Work instruction: Without the pictures, retype exactly the lines from the top of the entries below through the line that contains "Sponsored結果、ネッ".
--- --- ---
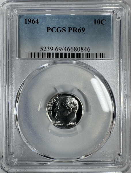 1964 10C PR69 Certification #46680846, PCGS #5239
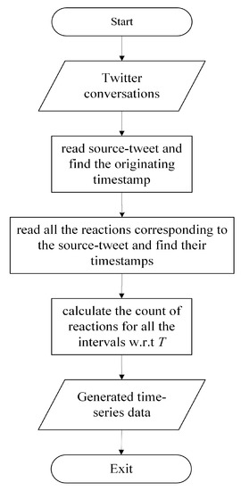 The flow chart of transforming Twitter conversations into time-series vectors for all combinations of E and T is given in Figure 4.
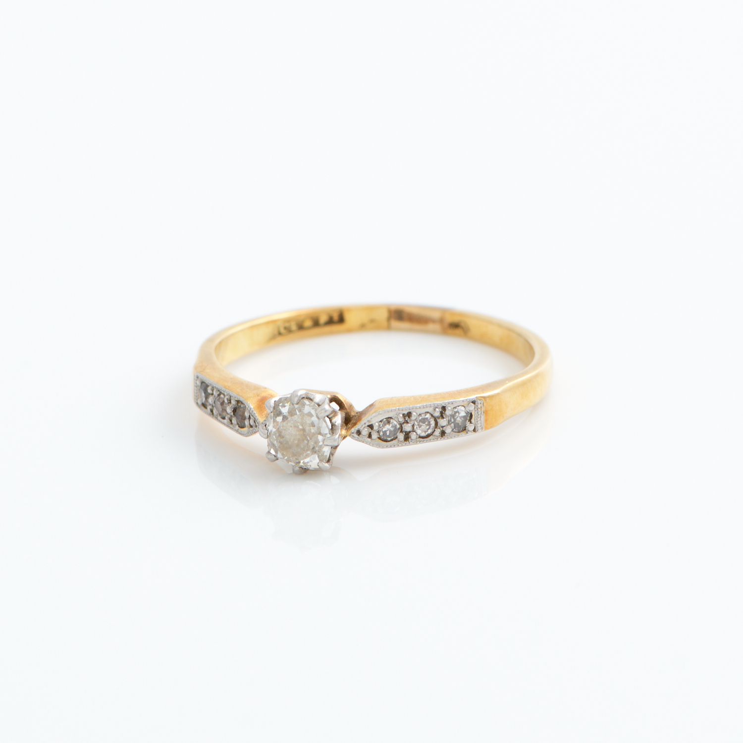 AN OLD CUT DIAMOND RING IN 17CT GOLD AND PLATINUM, SIZE P 1/2, 2.43GMS
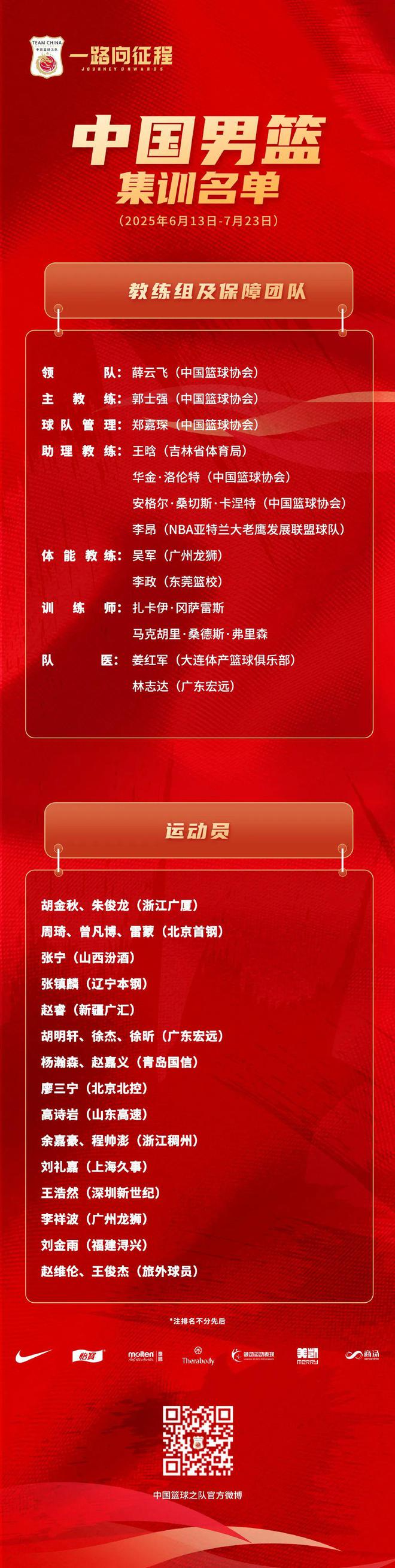 2025年6月9日,中国男篮公布了最新一期国家队集训名单,北控篮球俱乐部队员廖三宁再次入选!
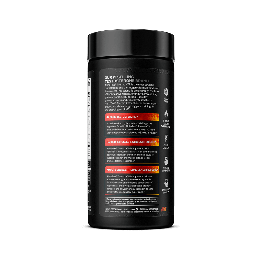With cutting-edge ingredients and research-backed dosages, AlphaTest® Thermo XTR offers a comprehensive formula designed to enhance testosterone levels (within the normal healthy range) and thermogenesis (heat production). Add AlphaTest® Thermo XTR to your supplement arsenal and feel confident you’re providing your body with a high-potency formula that helps you get the results you’re looking for!
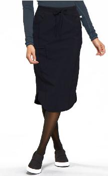 This tapered skirt features an elastic knit waistband, adjustable drawstring, rib-knit front and back yokes, front pockets, front seams with a zip closure cargo pocket, two back patch pockets, shirttail hem, side vents, and coverstitch detail throughout. Contemporary fit. Center back length: 30". The comfortable stretch poplin fabric and super stretchy rib-knit is the perfect combo for healthcare professionals.
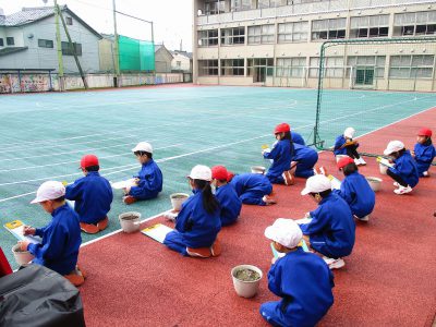 生活科の時間は、チューリップの芽の様子を観察しました。
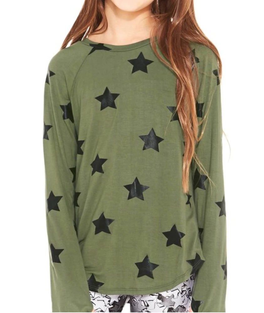 SKU: youth-apparel-1483588796491 Categories: APPAREL, YOUTH APPAREL Tags: Army Green with Stars, Black stars, Long sleeve baseball top, Long sleeve top, Star foils, Terez, Terez girls
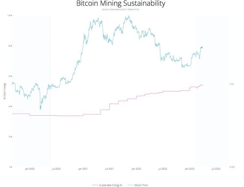 Sponsored結果、ネットワークの半分以上がクリーンエネルギーを使用し、ビットコイン・マイニングのサステナビリティはピーク時水準の54%付近を維持している。
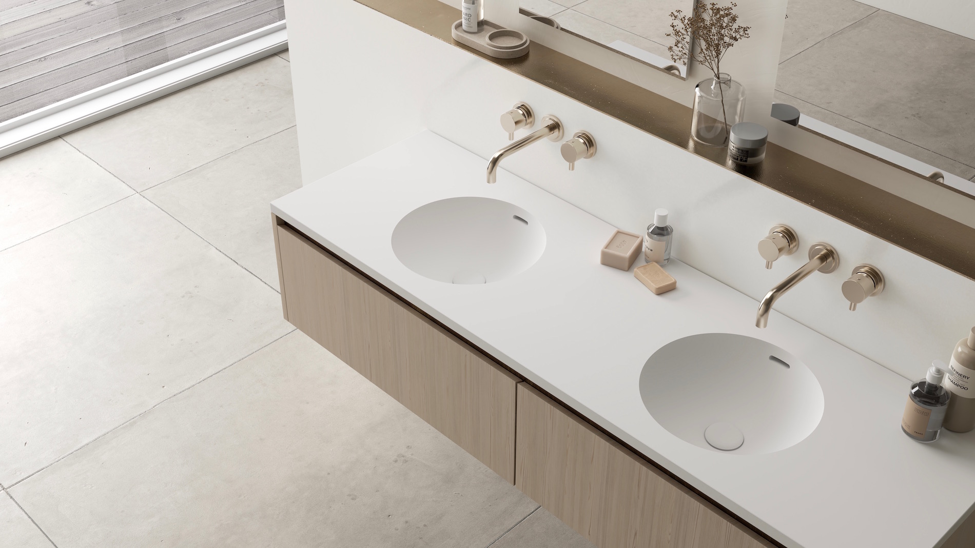 Trovano spazio nella nuova gamma di lavabi anche sette nuovi modelli da incasso progettati per essere integrati in un ripiano in Himacs. Tutti i lavabi in Himacs sono realizzati utilizzando un processo di fusione ad alta tecnologia, che assicura la massima qualità del prodotto e un’incredibile flessibilità nella progettazione.
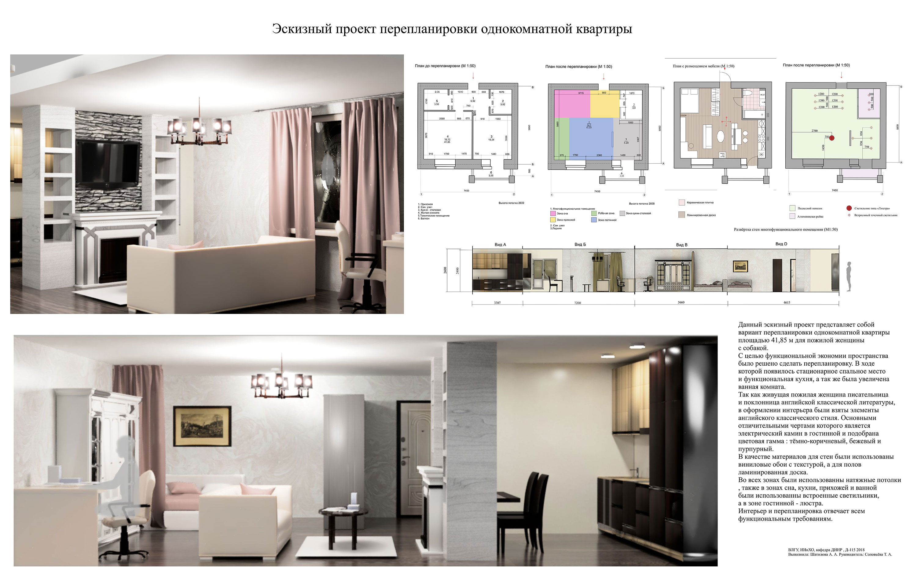 Эскизный проект перепланировки однокомнатной квартиры
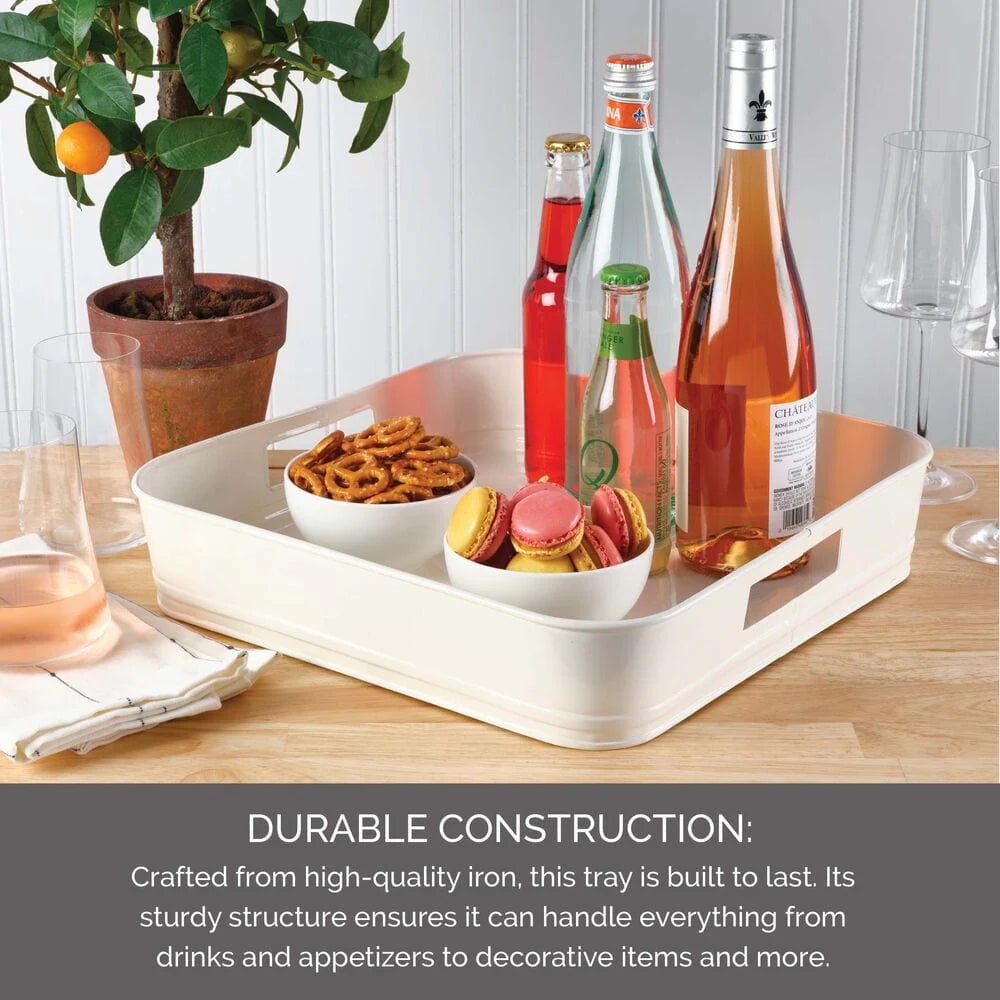 From our family of brands, this Towle Living versatile serving tray is designed to make a statement, whether you’re hosting a lavish party or enjoying a casual gathering with friends. Perfect for everyday use or special occasions, this serving tray is a must-have for any home. Its simple elegance makes it suitable for serving food and beverages or for use as a stylish decorative piece. This square tray offers ample space for serving a variety of items, making it ideal for both intimate gatherings and larger celebrations.
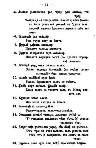 | Keywords: Azerbaijani proverbs 62.jpg en Page with Azerbaijani proverbs written by Alexander Kalashev from the words of Hasan Kerimov inhabitant of Yelizavetpol town nowadays Ganja Сбо ник мате иалов для описания местностей и племен Кавказа Выпуск восемнадцатый Отдел II Ст 62 Azerbaijani proverbs written by Alexander Kalashev from the words of Hasan Kerimov 1894 PD-old Azerbaijani proverbs Azerbaijani manuscripts | ||||
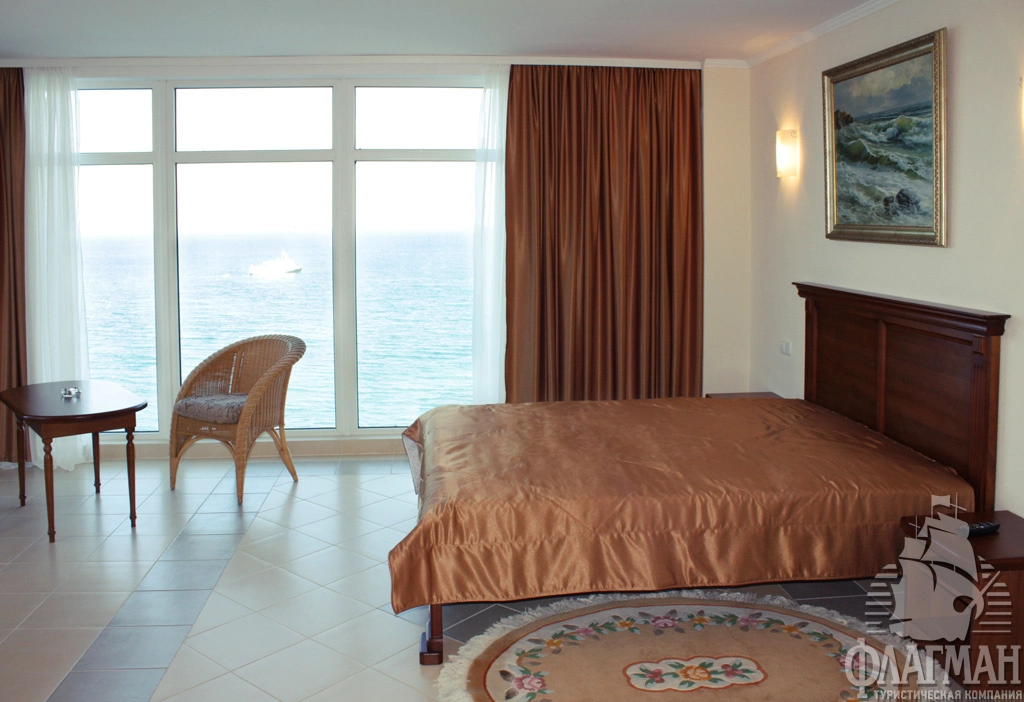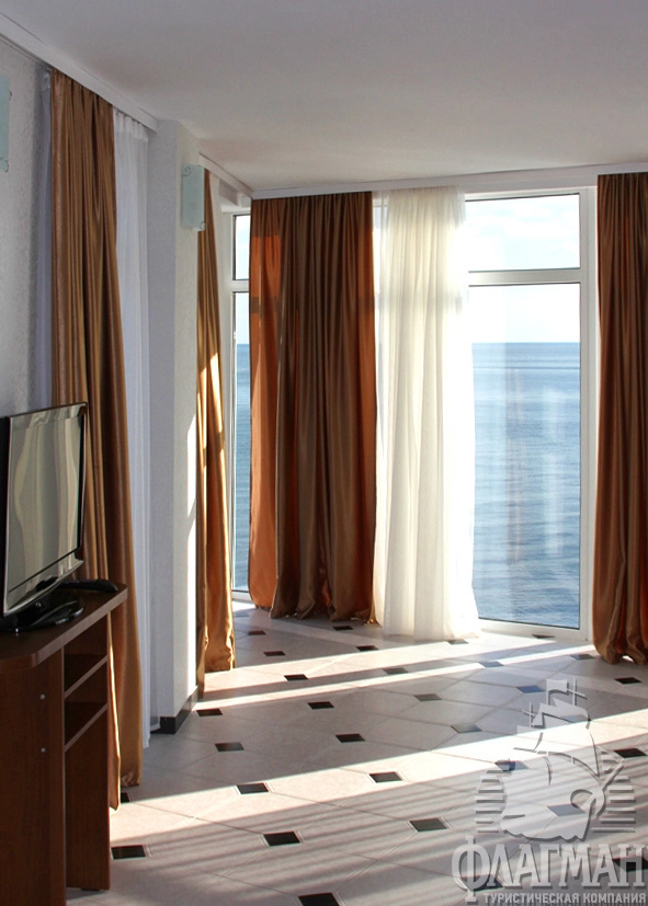 - 2-местный 2-комнатный номер люкс-комфорт. Площадь номера 68 кв.м. 2-комнатный номер с двумя совмещенными саузлами. В номере: двуспальная кровать, прикроватные тумбочки, шкаф, мягкий уголок, журнальный столик, 2 пуфика, плазменный телевизор, мини-бар, набор посуды, сейф, фен, кондиционер. На балконе есть набор пластиковой мебели. В номерах большие панорамные окна с видом на море. Одно дополнительное место.
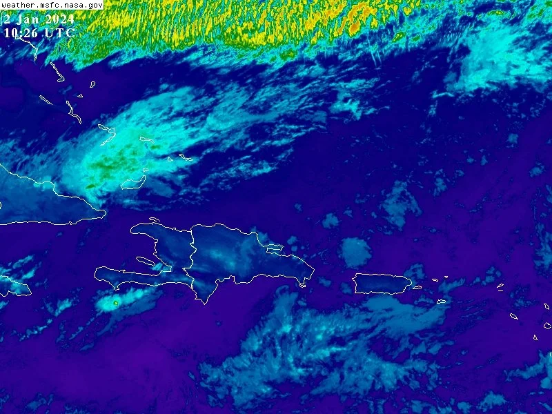 Para hoy, martes tendremos sobre el país, un ambiente de nubes dispersas a medio nublado, con algunas ocurrencias de lluvias por arrastre del viento durante las horas matutinas sobre La Altagracia, El Seibo, Hato Mayor y Samaná, pudiendo afectar provincias cercanas. Prevemos que para esta tarde, varias vaguadas y los campos nubosos del desintegrado sistema frontal, serán arrastrados por el viento de componente este/noreste, generando nublados con lluvias dispersas acompañadas de ráfagas en la zona fronteriza, la Cordillera Central, valle del Cibao y algunos puntos del sureste. Entrada la noche, estas precipitaciones seguirán ocurriendo en las zonas antes mencionadas y trasladándose a sectores del norte, nordeste y sureste.
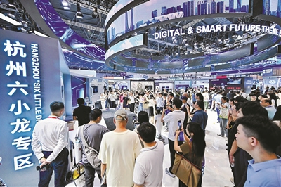 今年的数贸会将链接全球数字贸易新势力,催生数贸“百小龙”竞相涌现。图为第四届数贸会杭州六小龙专区。杭州市商务局供图
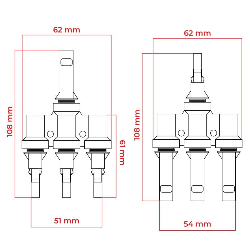 Złącze solarne równoległe, potrójne, MC4, 1000 V, IP67
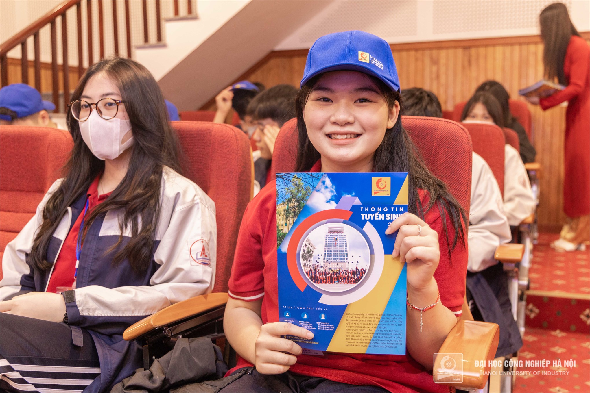 Bên cạnh đó, TS.Nguyễn Thị Hồng Vân, giảng viên HaUI đã tư vấn về kỹ năng sống, kỹ năng chọn nghề cho các em học sinh. Để xác định được nghề và trường phù hợp, TS.Nguyễn Thị Hồng Vân cho rằng, các em học sinh cần tìm hiểu bản thân, xác định ngành nghề phù hợp, tìm hiểu ngành nghề, xác định năng lực học tập, tìm hiểu hình thức tuyển sinh, chọn trường, chọn ngành phù hợp. Cô nhắn nhủ: “Điều tuyệt với nằm ở nơi chính bạn”. Chính vì vậy, các bạn hãy xác lập mục tiêu, niềm tin, tập trung chinh phục kỳ thi sắp tới.
--- --- ---
Response to the task:
 1964 10C PR69 Certification #46680846, PCGS #5239
 The flow chart of transforming Twitter conversations into time-series vectors for all combinations of E and T is given in Figure 4.
 AN OLD CUT DIAMOND RING IN 17CT GOLD AND PLATINUM, SIZE P 1/2, 2.43GMS
 2025年6月9日,中国男篮公布了最新一期国家队集训名单,北控篮球俱乐部队员廖三宁再次入选!
With cutting-edge ingredients and research-backed dosages, AlphaTest® Thermo XTR offers a comprehensive formula designed to enhance testosterone levels (within the normal healthy range) and thermogenesis (heat production). Add AlphaTest® Thermo XTR to your supplement arsenal and feel confident you’re providing your body with a high-potency formula that helps you get the results you’re looking for!
 This tapered skirt features an elastic knit waistband, adjustable drawstring, rib-knit front and back yokes, front pockets, front seams with a zip closure cargo pocket, two back patch pockets, shirttail hem, side vents, and coverstitch detail throughout. Contemporary fit. Center back length: 30". The comfortable stretch poplin fabric and super stretchy rib-knit is the perfect combo for healthcare professionals.
 生活科の時間は、チューリップの芽の様子を観察しました。
 SKU: youth-apparel-1483588796491 Categories: APPAREL, YOUTH APPAREL Tags: Army Green with Stars, Black stars, Long sleeve baseball top, Long sleeve top, Star foils, Terez, Terez girls
 Sponsored結果、ネットワークの半分以上がクリーンエネルギーを使用し、ビットコイン・マイニングのサステナビリティはピーク時水準の54%付近を維持している。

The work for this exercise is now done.